Income Tax Appellate Tribunal - Delhi
Krishna Sachdeva, New Delhi vs Assessee on 16 September, 2009
I.T.A. No. 4384 /Del/2009
1/7
IN THE INCOME TAX APPELLATE TRIBUNAL,
NEW DELHI, BENCH 'F '
BEFORE SHRI DEEPAK R. SHAH, ACCOUTANT
MEMBER AND RAJPAL YADAV, JUDICIAL MEMBER
ITA No. 4384 /Del/2009
(Assessment Year 1998-99)
Krishna Sachdeva, Vs. DCIT, Circle 26(1),
112-A, Ekta Enclave, New Delhi.
New Delhi-110087
(Appellants) (Respondents)
PAN / GIR No. 9-K/CC-8/ABIPS7189P
Appellant by: Shri Rahul Khare, Adv.
Respondent by: Shri B K Gupta, Sr. DR
ORDER
PER RAJPAL YADAV, JM:
1. The assessee is in appeal before us against the order of Ld. CIT(A) dated 16.09.2009 passed for Assessment Year 1998-99. The grounds of appeal taken by the assessee are not in consonance with Rule 8 of ITAT Rules. They are argumentative and descriptive in nature. The solitary grievance, the assessee is that the Ld. CIT(A) has erred in confirming the penalty of Rs.2 lacs imposed u/s 271(1)(c).
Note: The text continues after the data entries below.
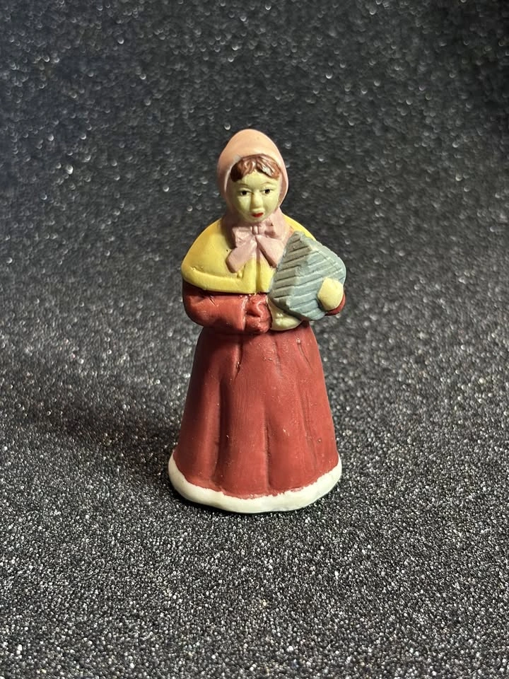 Vintage Christmas village figurine of a Victorian Woman holding a Bundle 📦 in great condition.
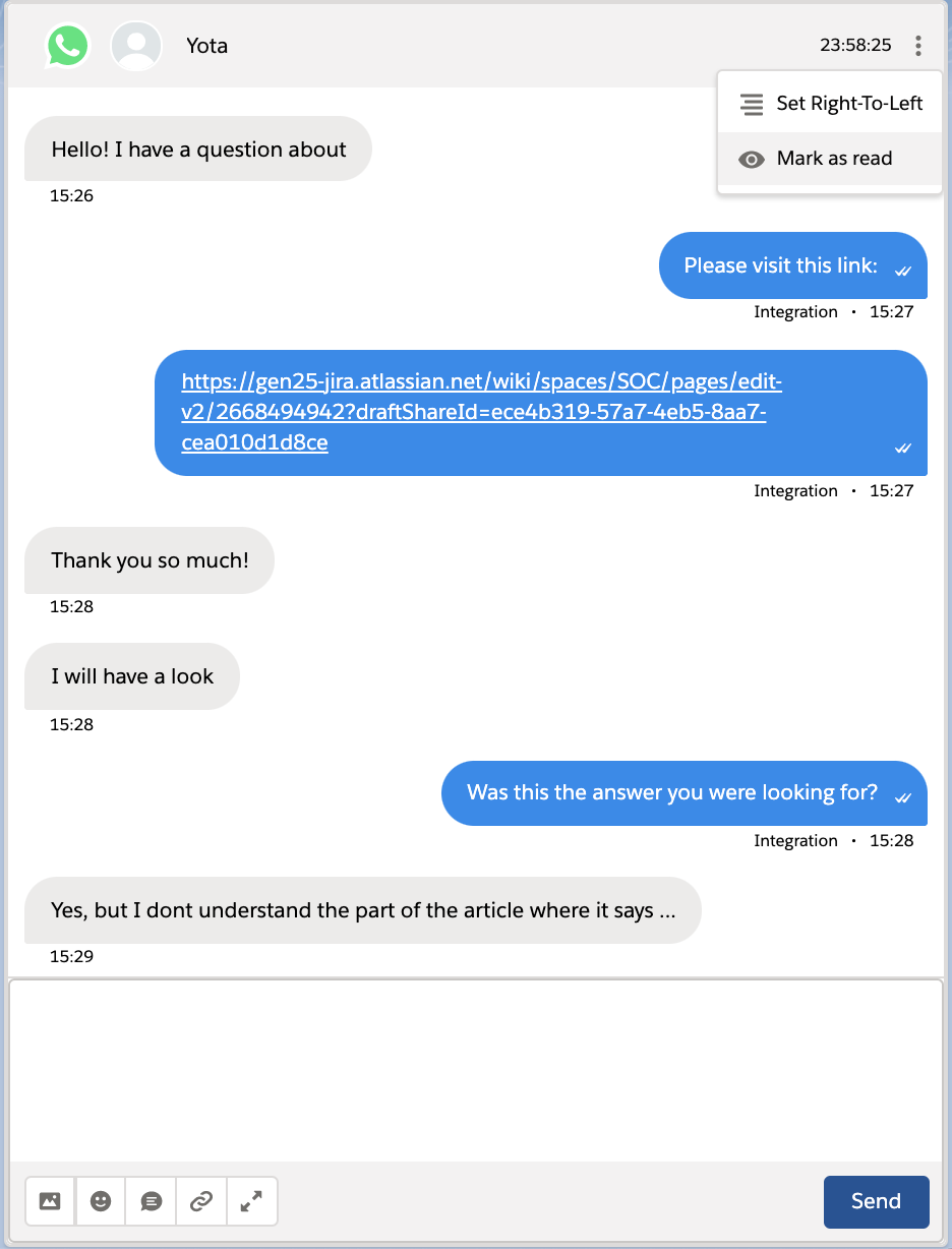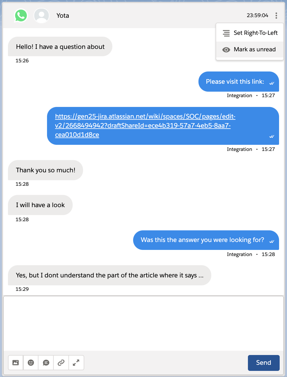 Note: If you click the new message input area, the conversation will be marked as read.
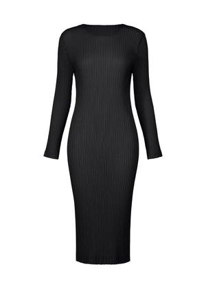 This pleated long-sleeved dress features the appearance of hatching, which looks like a scratched drawing. It is made from polyester with a textured finish that is dry to the touch. The texture is created by applying fine pleats twice.
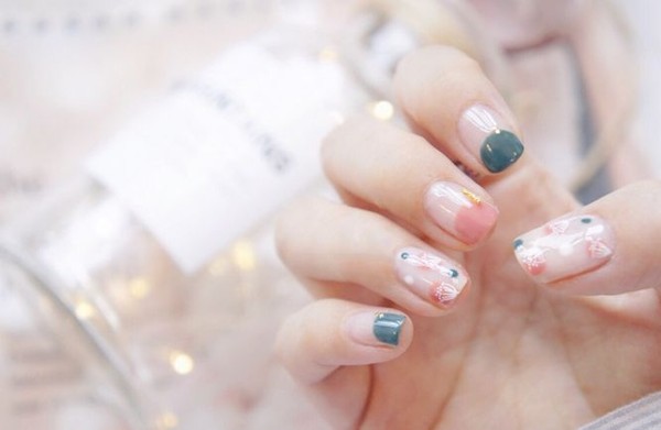 还可以把底色做成纯色,与花色相呼应,诗意又气质,特别韩范,也非常适合用来做新娘美甲。
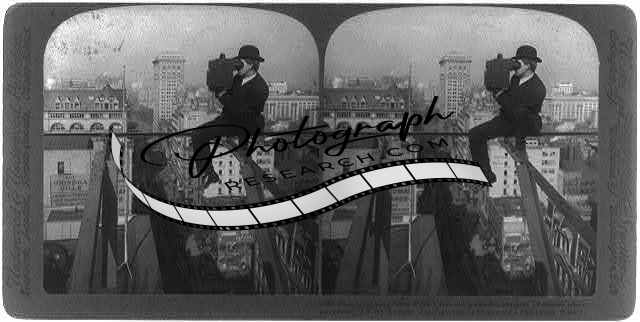 Reproduction,Photographing New York City,Fifth Avenue,Camera,Man on Beam,c1907
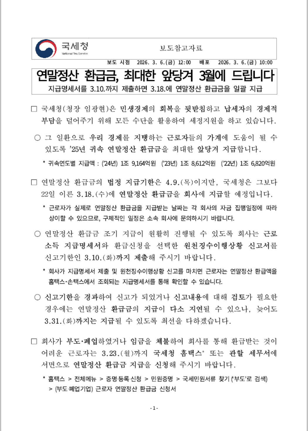- 2026년 3월 18일: 국세청의 회사 조기 지급 예정일

I.T.A. No. 4384 /Del/2009 2/7
2. The brief facts of the case are that a notice u/s 142(1) of the Act was served on the assessee on 20.01.1999 directing her to file the return of income for the Assessment Year 1998-99. According to the A.O., the return was not filed. However, in response to the other notice, she has filed her return of income on 26.02.2000 declaring a loss of Rs.1,70,143/-. The A.O. had issued notice u/s 143(2) and in response to the notice Shri Rajiv Arora, CA, tax consultant of the assessee appeared from time to time. On scrutiny of accounts it revealed to the A.O. that in Schedule 'H' in P & L account the assessee has debited a sum of Rs.7 lacs under the head 'loss on sale of assets'. According to the A.O., the loss on sale of assets is a capital loss and it cannot be set of against the business income as per Section 71(3) of the I. T. Act. Hence, he disallowed the claim of the assessee. Similarly, the A.O. found that an audit fee of Rs.1.25 lacs payable pertained to the period before 01.04.1997, which is not allowable to the assessee in this accounting year. After considering these two items and the loss shown by the assessee in her return of income at Rs.1,70,143/-, he determined the taxable income of the assessee at Rs.6,54,860/-. The A.O. initiated the penalty proceedings u/s 271(1)(c) on I.T.A. No. 4384 /Del/2009 3/7 account of furnishing inaccurate particulars by debiting the capital loss in the P & L account and claiming the set-of of it against the business income. It emerges out from the penalty order that the A.O. had given an opportunity of hearing to the assessee vide notice dated 18.03.2008 whereby he directed the assessee to appear on 25.03.2008. According to the A.O., assessee did not attend the proceedings before him and he imposed the penalty of Rs.2 lacs.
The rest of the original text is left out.